Das wird sich auch nach den Protestaktionen der Gewerkschaften nicht ändern. Solange es gegen Uber keine rechtskräftigen Verbote gebe, betrachte die Post den Fahrdienst als legales Angebot und sehe keine Veranlassung, während der Pilotphase darauf zu verzichten, heisst es in einer schriftlichen Stellungnahme. Man beobachte die Situation genau.
Bundesrat mischt sich nicht ein
Uber ist in der Schweiz in den Städten Basel, Genf, Lausanne und Zürich tätig. Auch die Politik befasst sich mit der Zusammenarbeit zwischen den bundesnahen Betrieben und dem US-amerikanischen Unternehmen.
Auf kritische Fragen in der Fragestunde des Nationalrats antwortete der Bundesrat im März, er nehme grundsätzlich keinen Einfluss und keine Stellung auf die operative Tätigkeit der SBB und der Post.

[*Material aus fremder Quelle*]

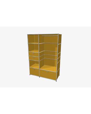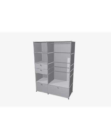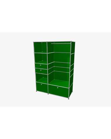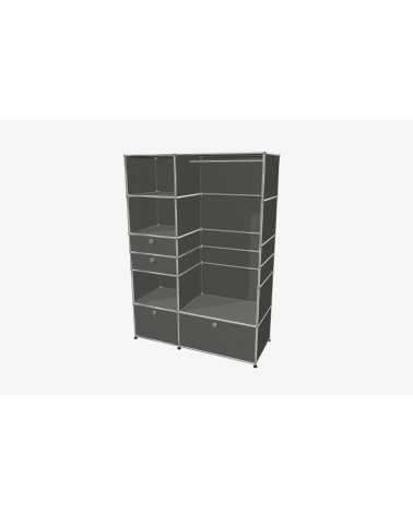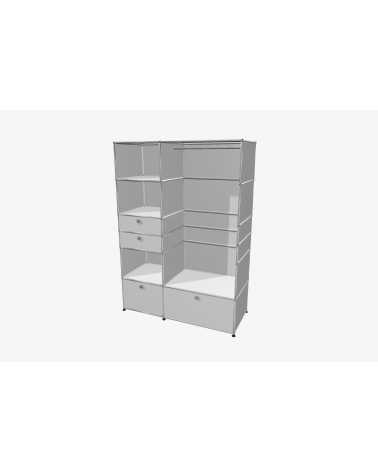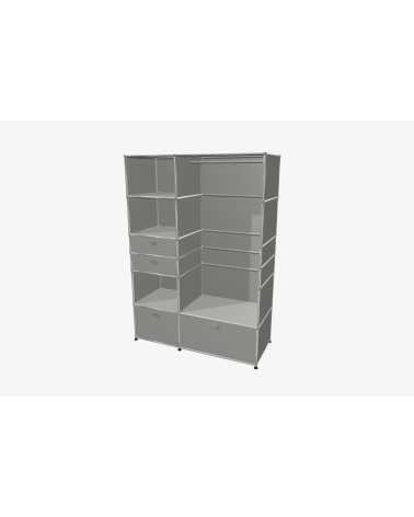USM Haller Möbel stehen für zeitloses Design und maximale Flexibilität. Jedes Möbelstück besteht aus drei zentralen Komponenten: stabilen Metallrohren für die Struktur, hochwertigen Metalltablaren als Verkleidung und der charakteristischen verchromten Kugel, die alles verbindet. Diese minimalistische Bauweise ermöglicht grenzenlose Gestaltungsfreiheit und bietet Möbel, die perfekt auf Ihre individuellen Bedürfnisse abgestimmt sind – sogar nachträgliche Anpassungen oder Umbauten sind problemlos möglich.

Beim Betreiben von Mobilitätsplattformen handle es sich um operative Geschäfte im Zuständigkeitsbereich der Unternehmensleitungen.
Die SBB und die Post müssten sich wie andere Unternehmen den veränderten Anforderungen und Bedürfnissen der heutigen Gesellschaft anpassen können. Das Bewahren des guten Ansehens liege im Interesse der beiden Unternehmen.
Parlament macht Vorschläge
Der Bundesrat teilt aber die Ansicht einer Mehrheit des Parlaments, wonach bei den Fahrdiensten die bestehenden Rahmenbedingungen überprüft werden müssen. Er hat sich ausserdem bereiterklärt, die Vorschriften betreffend das Mitführen von fremden Personen in Fahrzeugen aufgrund von neuen Angeboten zu überprüfen. Eine Arbeitsgruppe ist laut Verkehrsministerin Doris Leuthard bereits an der Arbeit.
Das Parlament hat ausserdem Vorstösse überwiesen, welche die strengen Vorschriften für Taxi-Unternehmen lockern wollen. Uber und andere Fahrdienste sollen damit gegenüber herkömmlichen Taxis nicht mehr im Vorteil sein.
Für berufsmässige Personentransporte in Personenwagen soll künftig nur noch das Strassenverkehrsgesetz und das Arbeitsgesetz gelten. Die Fahrtenschreiberpflicht oder spezielle Arbeitszeitregelungen sollen aufgehoben werden.